-- Data for processing follows --
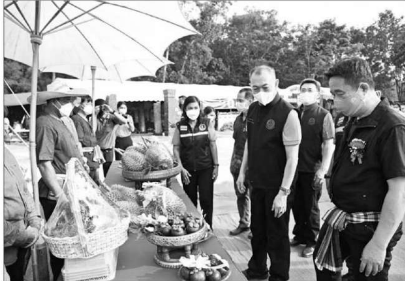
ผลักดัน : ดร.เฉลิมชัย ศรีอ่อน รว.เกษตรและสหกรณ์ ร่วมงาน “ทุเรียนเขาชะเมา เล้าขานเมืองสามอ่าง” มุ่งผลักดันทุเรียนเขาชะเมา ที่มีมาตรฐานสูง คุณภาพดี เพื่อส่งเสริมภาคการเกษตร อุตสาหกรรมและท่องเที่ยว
-- Data for processing concluded --
-- Data for processing follows --
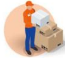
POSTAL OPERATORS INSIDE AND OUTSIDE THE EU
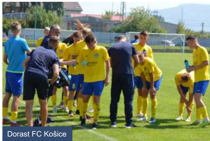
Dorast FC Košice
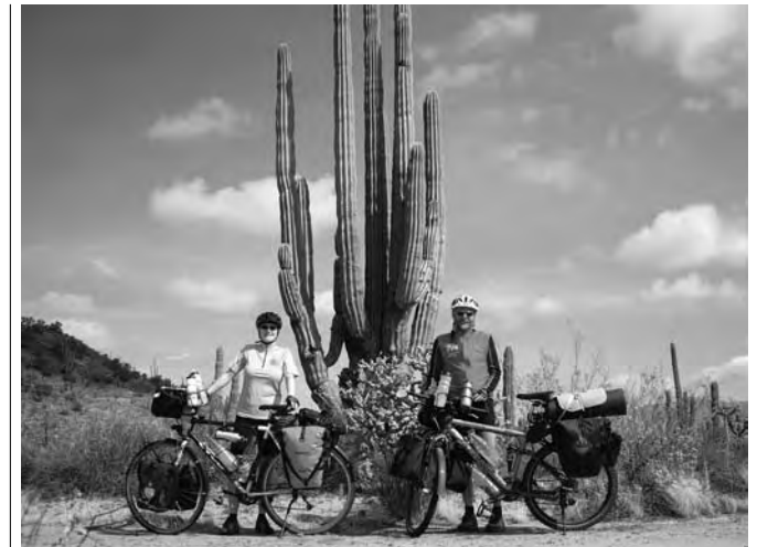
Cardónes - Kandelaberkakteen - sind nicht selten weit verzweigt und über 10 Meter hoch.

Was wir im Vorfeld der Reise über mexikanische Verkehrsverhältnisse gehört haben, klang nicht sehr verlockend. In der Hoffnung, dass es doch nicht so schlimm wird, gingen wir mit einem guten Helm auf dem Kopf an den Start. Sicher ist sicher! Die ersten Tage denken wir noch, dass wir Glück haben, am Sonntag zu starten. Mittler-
-- Data for processing concluded --
◆ **Assigned task**: Every line above that holds the string "nicht" should be copied out.

◆ **Solution to this exercise**:
Cardónes - Kandelaberkakteen - sind nicht selten weit verzweigt und über 10 Meter hoch.
Was wir im Vorfeld der Reise über mexikanische Verkehrsverhältnisse gehört haben, klang nicht sehr verlockend. In der Hoffnung, dass es doch nicht so schlimm wird, gingen wir mit einem guten Helm auf dem Kopf an den Start. Sicher ist sicher! Die ersten Tage denken wir noch, dass wir Glück haben, am Sonntag zu starten. Mittler-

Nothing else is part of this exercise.